SHARED_SECRET = os.environ["DN_WEBHOOK_SECRET"]
@functions_framework.http
def receive_dn_event(request):
# Verify the HMAC signature — DataNostro sends an X-DN-Signature header
sig = request.headers.get("X-DN-Signature", "")
body = request.get_data()
expected = hmac.new(SHARED_SECRET.encode(), body, hashlib.sha256).hexdigest()
if not hmac.compare_digest(sig, expected):
return ("invalid signature", 401)
event = request.get_json(silent=True)
if not event:
return ("no payload", 400)
row = {
"event_id": event.get("id"),
"event_name": event.get("event_name"),
"event_time": event.get("created_at"),
"tenant_id": event.get("tenant_id"),
"payload": event.get("request_body"),
"user_ip_masked": event.get("source_ip_masked"),
"user_agent": event.get("user_agent"),
"request_source": event.get("request_source"),
}
errors = bq.insert_rows_json(TABLE, [row])
if errors:
return (f"bq insert failed: {errors}", 500)
return ("ok", 204)
requirements.txt:
functions-framework==3.*
google-cloud-bigquery==3.*
3. Deploy
export DN_WEBHOOK_SECRET=$(openssl rand -hex 32)
echo "Save this: $DN_WEBHOOK_SECRET"
gcloud functions deploy receive-dn-event \
--gen2 --runtime=python312 --region=europe-west3 \
--source=. --entry-point=receive_dn_event \
--trigger-http --allow-unauthenticated \
--set-env-vars="DN_WEBHOOK_SECRET=$DN_WEBHOOK_SECRET"
Note: --allow-unauthenticated is OK because we verify the HMAC signature. Without a signature the Cloud Function never does a BigQuery insert.
4. Set up the webhook in DataNostro
- Dashboard → Webhooks → Create a new webhook
- URL: the URL from the
gcloud functions deployoutput (e.g.https://europe-west3-YOUR_PROJECT.cloudfunctions.net/receive-dn-event) - Events: select
event.captured(= every sGTM event with a capture row in our DB) - HMAC secret: paste
$DN_WEBHOOK_SECRETfrom step 3 - Save → click Test webhook → you should get HTTP 204
5. Verify in BigQuery
After 1–2 minutes of normal traffic:
SELECT event_name, COUNT(*) as n
FROM `YOUR_PROJECT.datanostro_events.events`
WHERE event_time > TIMESTAMP_SUB(CURRENT_TIMESTAMP(), INTERVAL 5 MINUTE)
GROUP BY event_name
ORDER BY n DESC
What you gain vs the GA4 BigQuery export
- Latency: ~2 s (Cloud Function streaming insert) vs ~6 hours (GA4 daily batch). Realtime dashboards possible immediately.
- Schema: a JSON payload field = you can add new fields anytime without migrations. The GA4 export has a fixed schema.
- Cost: Cloud Functions Free Tier = 2 M invocations / month free. At 5 M sGTM events/month = ~$0.40/month. BigQuery streaming insert = $0.01/MB (≈ $5/month for 5 M events). The GA4 → BQ export is free but only for GA360 (>$150k/year).
- Filter at the webhook level: in the DataNostro Dashboard you set which event types you want to push — you don't pay for events you don't care about.

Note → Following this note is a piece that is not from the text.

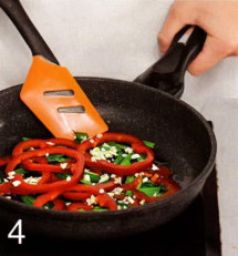 | Время приготовления : 30 минут | | Количество порций : 4 - 6 штук | «пицца» с морепродуктами Вам понадобится : 300 гр. колотого зеленого гороха, 4 больших баклажана, 2 большие морковки, 3 большие луковицы, 5-6 зубчиков чеснока, 5 ст. ложки свежих хлебных крошек, оливковое масло, соль и свежемолотый черный перец по вкусу  | 1 . У филе кальмара удалите пленки с обеих сторон и хитиновую пластину (если есть). Нарежьте филе кальмара тонкой соломкой. |  | 2 . Креветки очистите от панцирей, по спинке сделайте неглубокий надрез, удалите темную кишечную вену, помогая себе полотенцем. Затем полностью разрежьте креветки вдоль пополам. |  | 3 . Сладкий перец очистите от сердцевины, нарежьте поперек тонкими кружками. Чеснок очистите и измельчите. |  | 4 . В большой сковороде с толстым дном разогрейте масло, уложите перья зеленого лука, подравнивая их в соответствии с размером сковороды. Сверху положите кружки перца. Обжаривайте на среднем огне 5 минут. |  | 5 . Выложите поверх перца филе кальмара и креветки (не перемешивая!). Готовьте еще 3 минут. |  | 6 . Яйца взбейте с мукой и солью, залейте содержимое сковороды. Готовьте, при необходимости закрыв крышкой, пока яичная масса не будет готова полностью, 7-10 минут. Подавайте немедленно. | |

Alternative: a daily CSV export to Cloud Storage
If you don't need realtime, the dashboard has /dashboard/export/ → a ZIP with CSVs for the last N days. You can call it via an API key + cron + gsutil cp into Cloud Storage → a BigQuery scheduled query. Slower, but zero Cloud Functions setup.
FAQ
Q: Can I send only a subset of events (e.g. only purchase, not page_view)?

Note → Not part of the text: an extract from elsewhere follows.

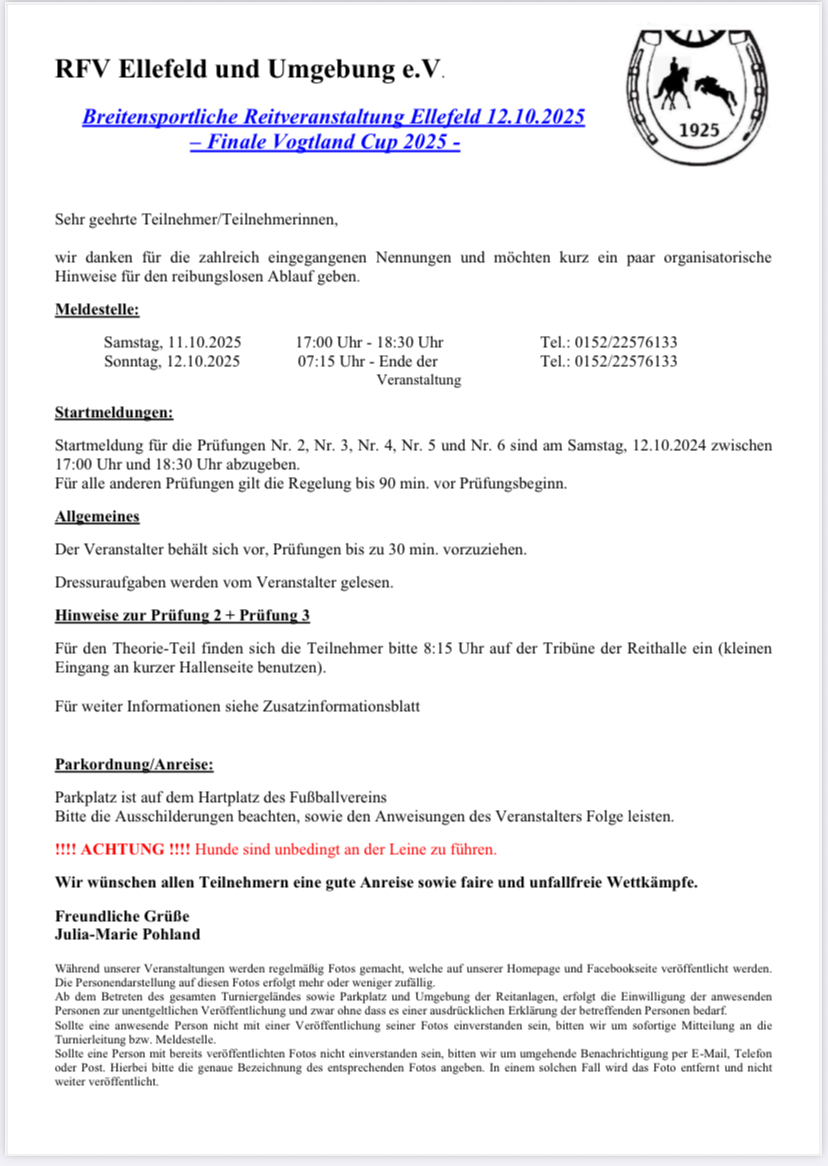 Hier kannst Du unseren Internetauftritt durchstöbern und Dir die wichtigsten Infos über unseren Verein verschaffen. Wir würden uns freuen, Dich bald auf der großzügigen Reitanlage in Ellefeld (Vogtland) willkommen heißen zu dürfen!

Yes. In the Webhook settings there's an event_name regex filter. We send only events that match (e.g. ^(purchase|begin_checkout|add_to_cart)$).

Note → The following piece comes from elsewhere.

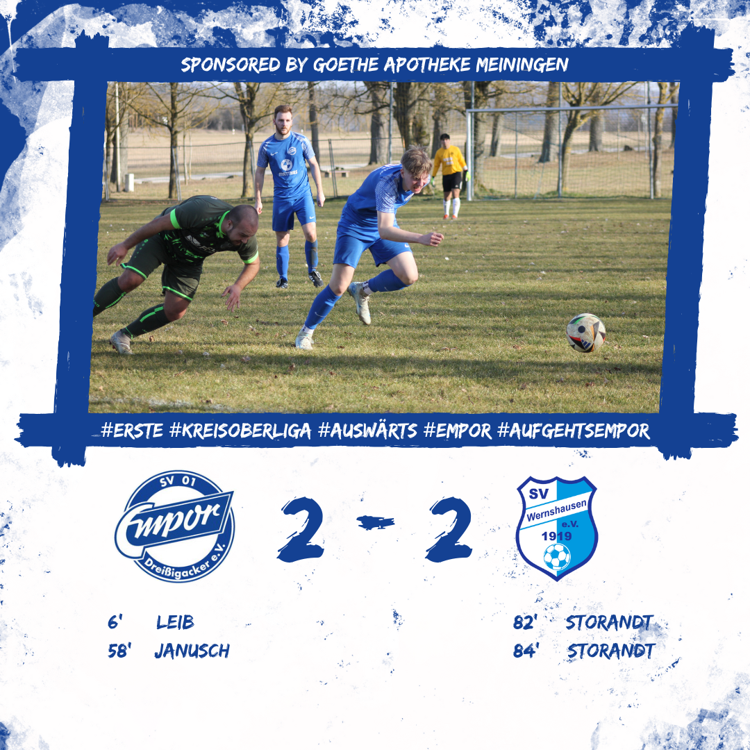 Mit einem 2:2 Unentschieden endete am Sonntag die gegen Ende doch noch turbulente Partie zwischen Wernshausen und Dreißigacker. Mit dem Punktgewinn ist die Empor zwar mittlerweile das dritte Spiel in Folge ungeschlagen, muss sich über die zwei späten Gegentore aber dennoch ärgern.

Q: What about historical data from before the webhook was turned on?
You can do a one-off export of historical EventCapture data via /api/v1/events/export/?from=…&to=… (API key required) as JSONL and import it via bq load --source_format=NEWLINE_DELIMITED_JSON.
Q: Does it work with a GA4 BigQuery dataset where I already send the GA4 native export?
Yes — create a second dataset (datanostro_events) next to GA4 (analytics_PROPERTY_ID). You can join them on event_id if you let the GA4 client send event_id into sGTM (not via X-Gtm-Server-Preview, only in event_data).
Q: Do you already have this deployed somewhere?
Internally we use the same setup for our own debug dashboard (datanostro.com is its own first customer). Webhook → Cloud Function → BigQuery. P95 webhook delivery latency: 1.8 s. Loss rate: 0.003% (the dead-letter queue catches the rest).